## SUPPLIED INFORMATION

--- START ---

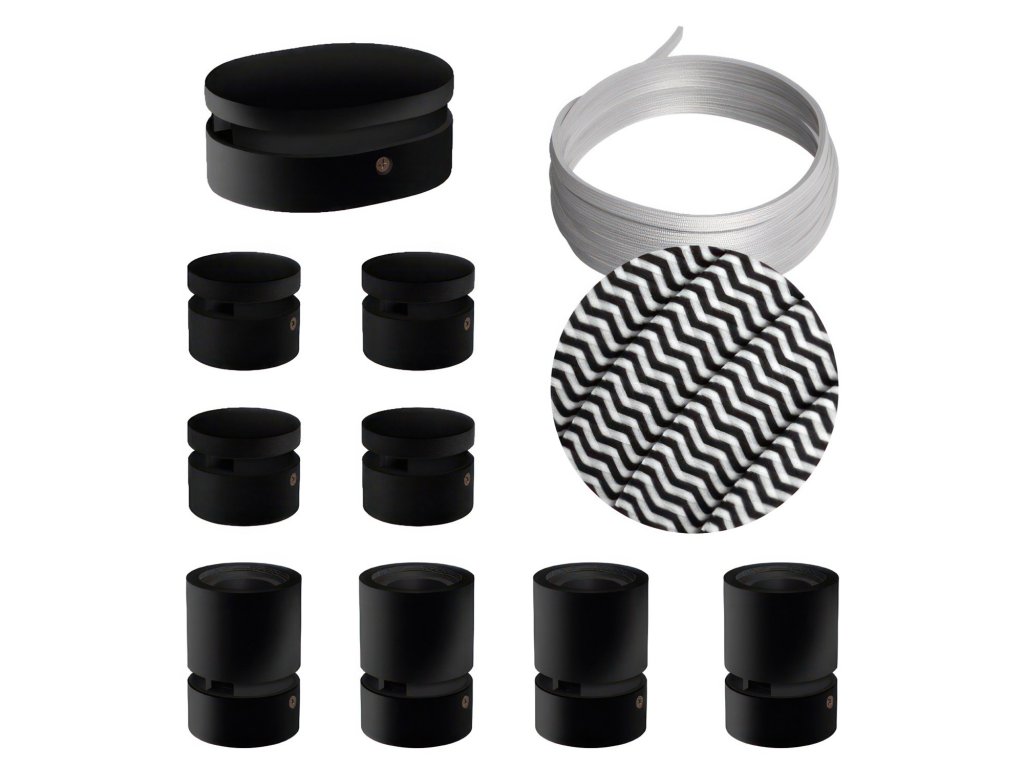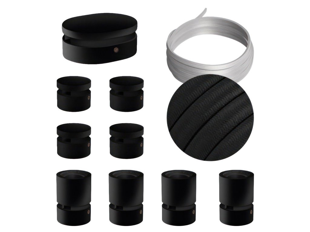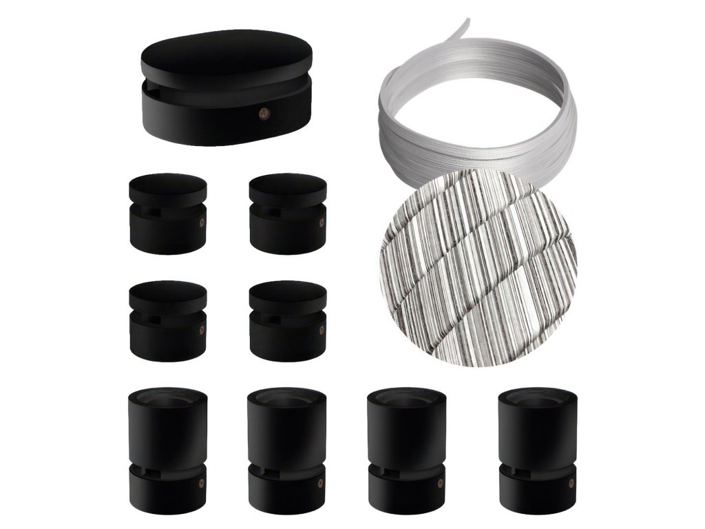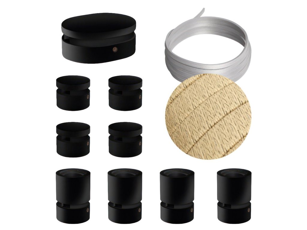 Filé systém - zostava pre symetrickú inštaláciu - 5m kábla pre svetelné reťaze a 9 čiernych lakovaných drevených komponentov
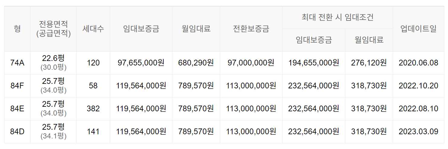 임대보증금 및 월 임대료는 입주자 모집공고일 기준이며, 보증금 최대 전환 시 변동될 수 있습니다.
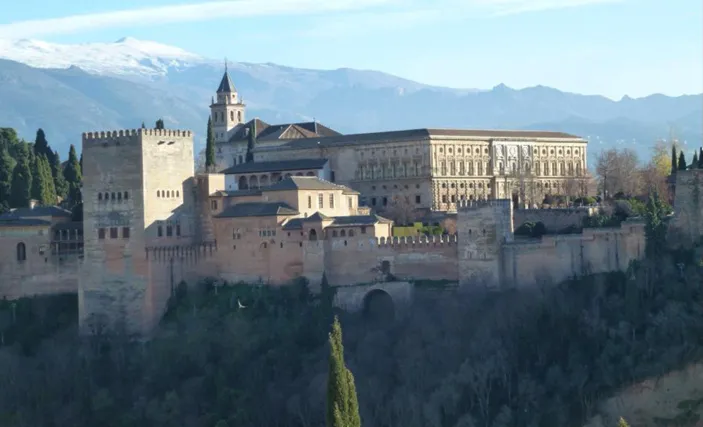 In der Bildmitte die Paläste mit dem Comaresturm, dahinter das Quadrat des Karlspalastes und im Hintergrund die Sierra Nevada.
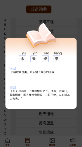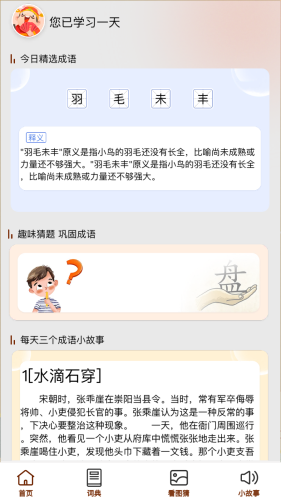 1)全面的成语字典和趣味游戏,满足用户在写作和考试中对成语的需求。

--- END ---

## WHAT TO WORK ON
Type out the data above once more, exactly, with no images included.

## ANSWER
 Filé systém - zostava pre symetrickú inštaláciu - 5m kábla pre svetelné reťaze a 9 čiernych lakovaných drevených komponentov
 임대보증금 및 월 임대료는 입주자 모집공고일 기준이며, 보증금 최대 전환 시 변동될 수 있습니다.
 In der Bildmitte die Paläste mit dem Comaresturm, dahinter das Quadrat des Karlspalastes und im Hintergrund die Sierra Nevada.
 1)全面的成语字典和趣味游戏,满足用户在写作和考试中对成语的需求。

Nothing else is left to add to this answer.